** Opening Material for the task block **

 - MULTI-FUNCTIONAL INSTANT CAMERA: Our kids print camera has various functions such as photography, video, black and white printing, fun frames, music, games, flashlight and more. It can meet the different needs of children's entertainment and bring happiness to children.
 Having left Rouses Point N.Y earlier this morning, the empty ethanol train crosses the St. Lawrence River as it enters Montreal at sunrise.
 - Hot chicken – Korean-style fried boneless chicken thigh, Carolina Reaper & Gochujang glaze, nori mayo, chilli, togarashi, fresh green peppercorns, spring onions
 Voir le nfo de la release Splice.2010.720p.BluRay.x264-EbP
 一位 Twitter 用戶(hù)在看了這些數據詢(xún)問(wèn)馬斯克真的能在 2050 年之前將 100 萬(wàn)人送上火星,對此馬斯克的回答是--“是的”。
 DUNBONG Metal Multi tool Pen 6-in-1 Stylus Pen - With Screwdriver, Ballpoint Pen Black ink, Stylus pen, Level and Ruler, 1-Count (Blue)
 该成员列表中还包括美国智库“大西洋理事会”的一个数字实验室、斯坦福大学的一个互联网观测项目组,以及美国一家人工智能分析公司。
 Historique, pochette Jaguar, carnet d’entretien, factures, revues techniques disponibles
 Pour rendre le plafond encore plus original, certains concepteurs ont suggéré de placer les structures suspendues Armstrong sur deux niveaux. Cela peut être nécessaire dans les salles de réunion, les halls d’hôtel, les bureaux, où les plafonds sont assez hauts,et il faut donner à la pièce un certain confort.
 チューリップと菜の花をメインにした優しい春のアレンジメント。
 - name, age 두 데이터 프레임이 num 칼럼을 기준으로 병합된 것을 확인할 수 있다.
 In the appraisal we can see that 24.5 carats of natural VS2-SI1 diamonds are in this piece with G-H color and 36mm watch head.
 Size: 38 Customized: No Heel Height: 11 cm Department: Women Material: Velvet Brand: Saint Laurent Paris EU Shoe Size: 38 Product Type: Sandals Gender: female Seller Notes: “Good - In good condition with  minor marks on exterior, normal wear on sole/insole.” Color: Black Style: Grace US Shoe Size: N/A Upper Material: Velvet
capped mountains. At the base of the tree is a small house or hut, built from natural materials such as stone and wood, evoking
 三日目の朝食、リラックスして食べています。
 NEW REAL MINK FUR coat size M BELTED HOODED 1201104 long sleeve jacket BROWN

** Closing Material for the task block **

Select every line in the records above that contains the word "this".

 Having left Rouses Point N.Y earlier this morning, the empty ethanol train crosses the St. Lawrence River as it enters Montreal at sunrise.
 In the appraisal we can see that 24.5 carats of natural VS2-SI1 diamonds are in this piece with G-H color and 36mm watch head.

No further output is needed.